*** Opening of Input for this task ***

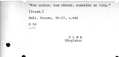 //// "Kom syskon, kom vänner, komskåda en ting." //// (fragm.) //// Smal. Hossmo, 95:17, s.846 //// D 59 //// - //// ULMA //// Sånglekar ////
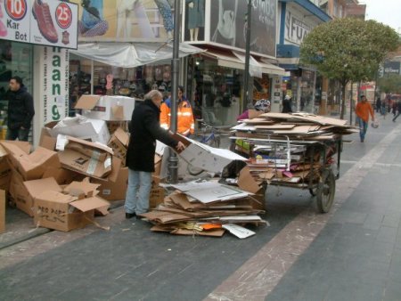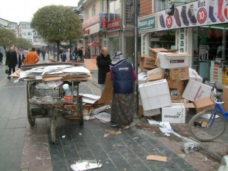 Düzce Şehir merkezi sokak ve caddelerinde çöpe atılan gazete ve ambalaj kartonlarını geçimlerini sağlamak için toplayan 60 aile ayda 100 ton kâğıt topluyor. Atık olarak çöpe atılan kâğıtları toplayıp biriktiren aileler kilosu 130 kuruştan aracılık yapan firmaya kâğıtları satıyorlar. Kâğıtları ailelerden satın alan aracı firma ise aldığı kâğıtları presleyerek fabrikaya gönderiyor. Toplanan kağıtları satın alan aracı firma sahiplerinden Mustafa Özkamış, vatandaşlardan alınan kâğıtları cinslerine göre ayrıldıktan sonra preslendiğini belirterek, "Sokaktan kağıtları toplayan bir çok aile var, bu ailelerden bizim ayrım yapmaksızın kağıdın kilosunu 130 kuruştan alıyoruz. Bizde burada bazı işlemlerden geçirdikten sonra kamyonlara yükleyerek geri dönüşüm fabrikasına 190 ila 200 lira arasında satıyoruz." dedi. Düzce’de 100 ton ortalama kağıt toplandığını ifade eden Mustafa Özkamış aracılık yapan 2 firmanın olduğunu belirtti.
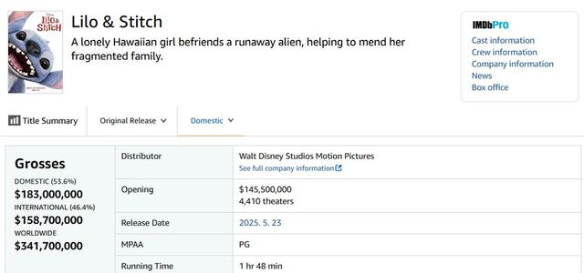 현재까지 ‘릴로 & 스티치’의 전 세계 누적 수익은 3억 4,170만 달러(한화 약 4677억 원)이다.
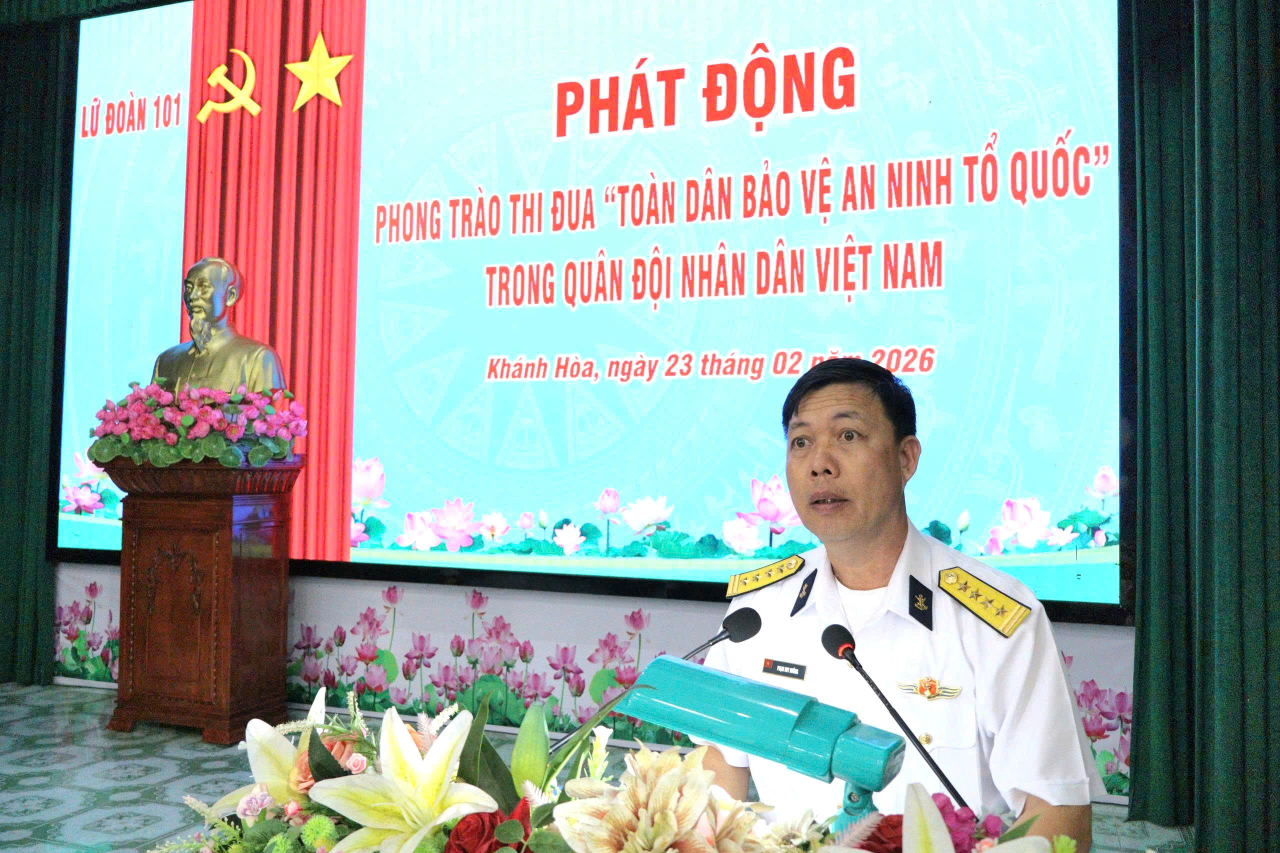 HQ Online - Tối 23/2, tại Khánh Hòa, Lữ đoàn 101, Vùng 4 Hải quân tổ chức Lễ phát động phong trào thi đua “Toàn dân bảo vệ an ninh Tổ quốc” trong Quân đội nhân dân Việt Nam. Đại tá Phạm Duy Hướng, Bí thư Đảng ủy, Chính ủy, Chủ tịch Hội đồng thi đua - khen thưởng Lữ đoàn chủ trì.
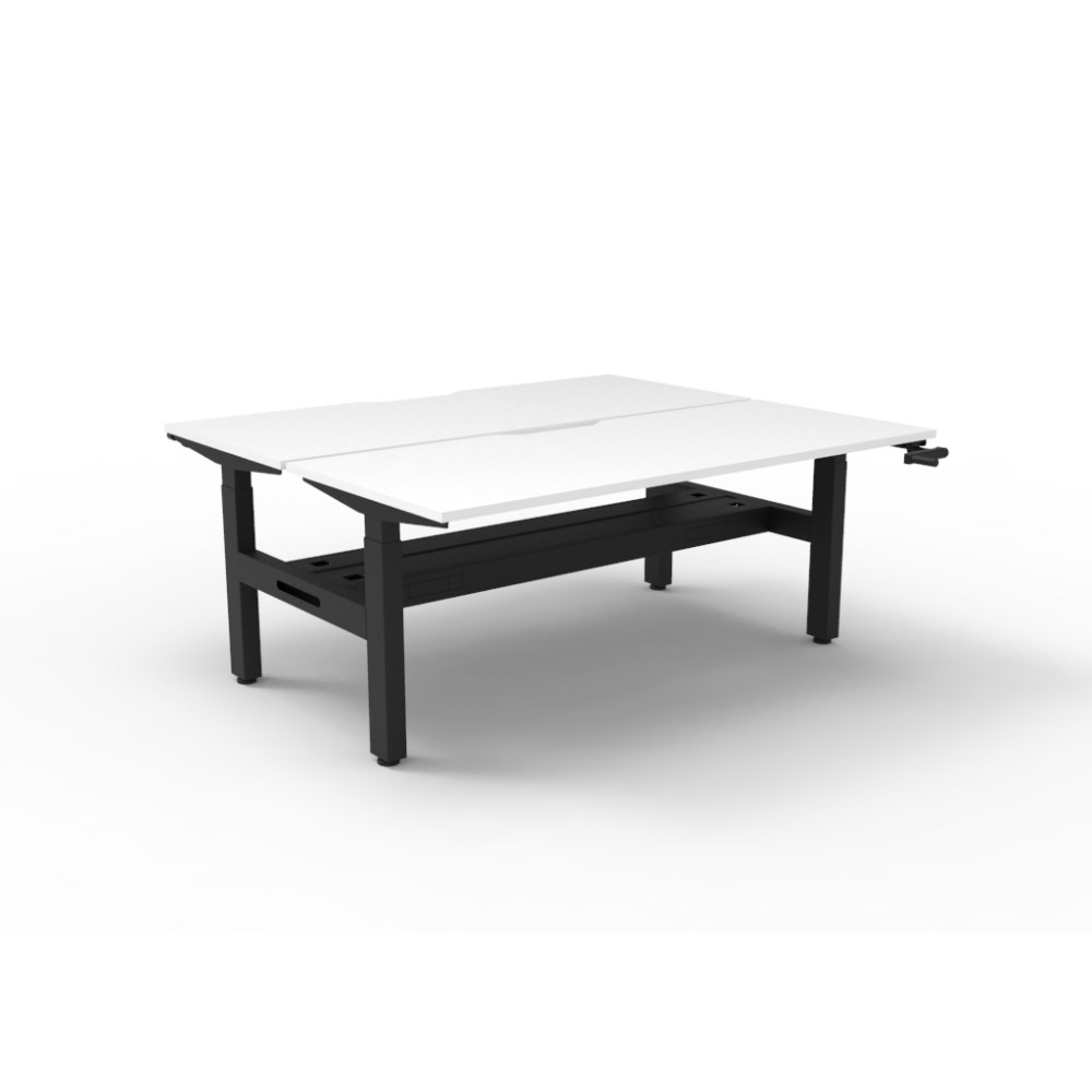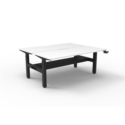 Rapidline Boost back to back 2 person manual crank height adjustable workstation with cable tray. White top with black frame.
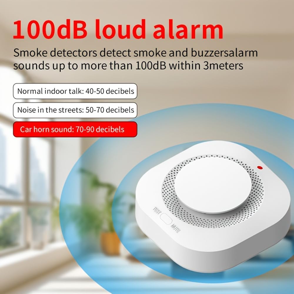 Specification: Photoelectric Smoke Detector Fire Alarm, Battery Operated, Smoke Alarm with Test Button & Low Battery Signal, LED Warning Light, 85-Decibel Alarm Sound, Easy Installation for Living Rooms and Bedrooms
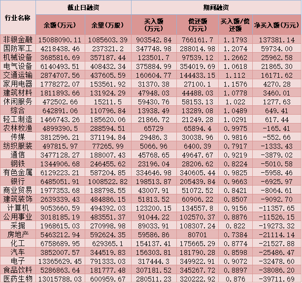 六、截至12月30日申萬一級行業(yè)兩融交易情況

*** Close of Input for this task ***

» Exercise brief:
Return the preceding entries exactly, each word as given, but leave out any picture.

» Written response:
 //// "Kom syskon, kom vänner, komskåda en ting." //// (fragm.) //// Smal. Hossmo, 95:17, s.846 //// D 59 //// - //// ULMA //// Sånglekar ////
 Düzce Şehir merkezi sokak ve caddelerinde çöpe atılan gazete ve ambalaj kartonlarını geçimlerini sağlamak için toplayan 60 aile ayda 100 ton kâğıt topluyor. Atık olarak çöpe atılan kâğıtları toplayıp biriktiren aileler kilosu 130 kuruştan aracılık yapan firmaya kâğıtları satıyorlar. Kâğıtları ailelerden satın alan aracı firma ise aldığı kâğıtları presleyerek fabrikaya gönderiyor. Toplanan kağıtları satın alan aracı firma sahiplerinden Mustafa Özkamış, vatandaşlardan alınan kâğıtları cinslerine göre ayrıldıktan sonra preslendiğini belirterek, "Sokaktan kağıtları toplayan bir çok aile var, bu ailelerden bizim ayrım yapmaksızın kağıdın kilosunu 130 kuruştan alıyoruz. Bizde burada bazı işlemlerden geçirdikten sonra kamyonlara yükleyerek geri dönüşüm fabrikasına 190 ila 200 lira arasında satıyoruz." dedi. Düzce’de 100 ton ortalama kağıt toplandığını ifade eden Mustafa Özkamış aracılık yapan 2 firmanın olduğunu belirtti.
 현재까지 ‘릴로 & 스티치’의 전 세계 누적 수익은 3억 4,170만 달러(한화 약 4677억 원)이다.
 HQ Online - Tối 23/2, tại Khánh Hòa, Lữ đoàn 101, Vùng 4 Hải quân tổ chức Lễ phát động phong trào thi đua “Toàn dân bảo vệ an ninh Tổ quốc” trong Quân đội nhân dân Việt Nam. Đại tá Phạm Duy Hướng, Bí thư Đảng ủy, Chính ủy, Chủ tịch Hội đồng thi đua - khen thưởng Lữ đoàn chủ trì.
 Rapidline Boost back to back 2 person manual crank height adjustable workstation with cable tray. White top with black frame.
 Specification: Photoelectric Smoke Detector Fire Alarm, Battery Operated, Smoke Alarm with Test Button & Low Battery Signal, LED Warning Light, 85-Decibel Alarm Sound, Easy Installation for Living Rooms and Bedrooms
 六、截至12月30日申萬一級行業(yè)兩融交易情況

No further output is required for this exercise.